Take the lines from the one with "Description: A girl" to the end of the listing, both ends included, and quote them exactly, leaving pictures out.

▸ Raw data:
<<<<

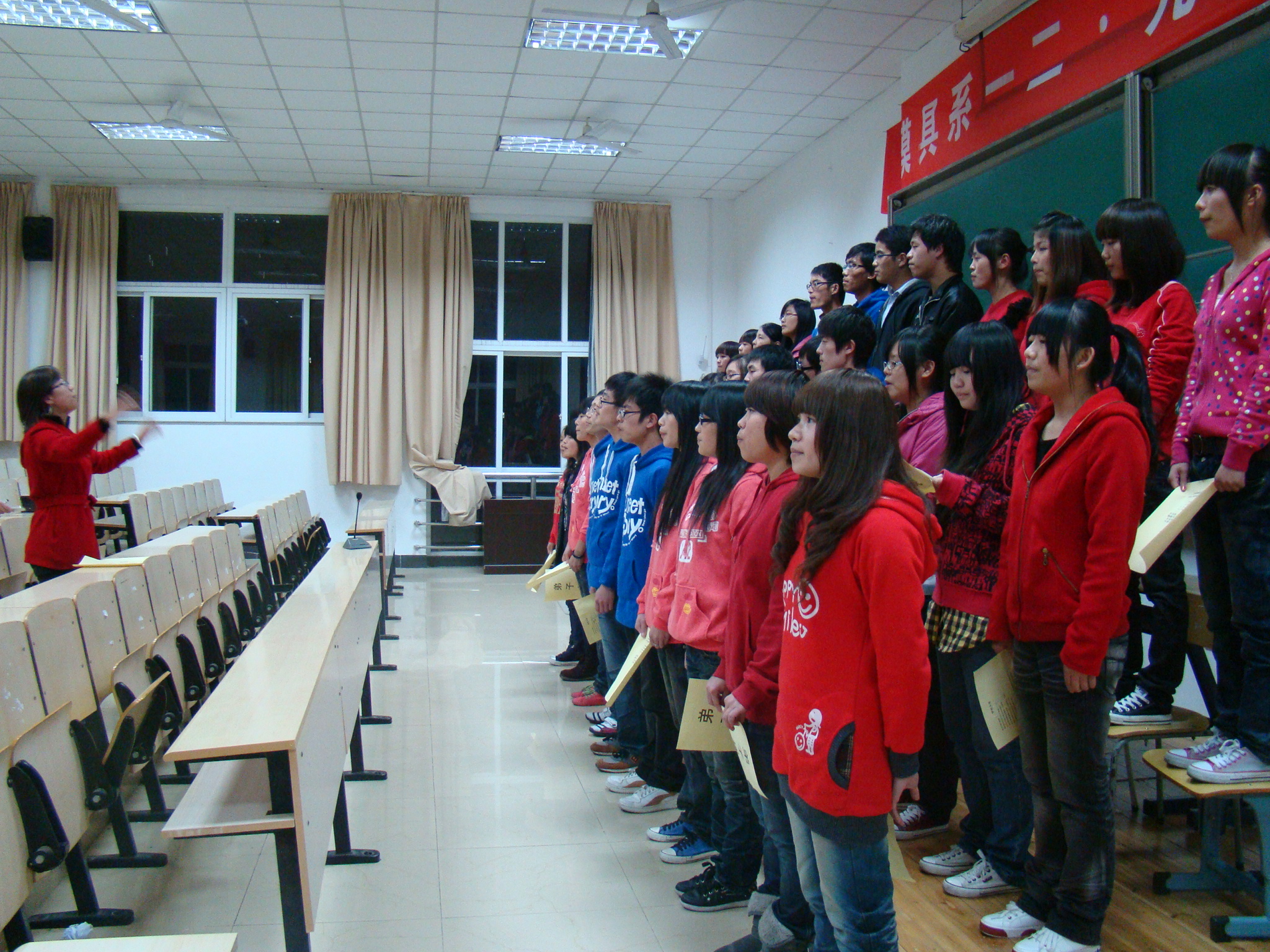 为了纪念一二?九学生运动75周年,引导模具系学生进一步了解历史,铭记历史,增强学生的爱国热情和班级的团队精神,模具系学生会于11月25日晚6点在精技楼503教室组织开展了一二?九大合唱比赛,通过各班的激情合唱突显了本次比赛的主题“回首峥嵘岁月,放飞青春歌声”。
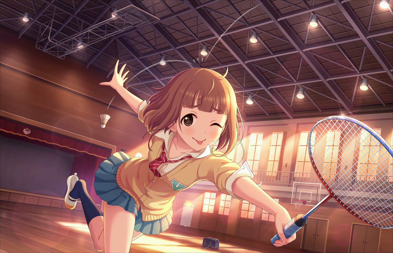 Description: A girl is playing tennis in a large room with lights on the ceiling and a tennis racket in her hand.
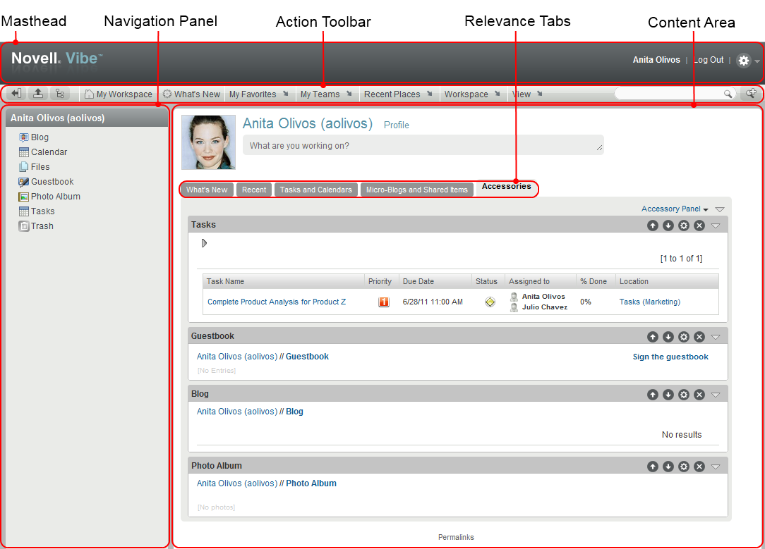 Figure 4-1shows the various areas of the Vibe interface. The type of files that you need to modify in order to affect Vibe styles depends on the area of the Vibe interface that you want to customize, as shown in the following table.

>>>>

▸ Exercise output:
 Description: A girl is playing tennis in a large room with lights on the ceiling and a tennis racket in her hand.
 Figure 4-1shows the various areas of the Vibe interface. The type of files that you need to modify in order to affect Vibe styles depends on the area of the Vibe interface that you want to customize, as shown in the following table.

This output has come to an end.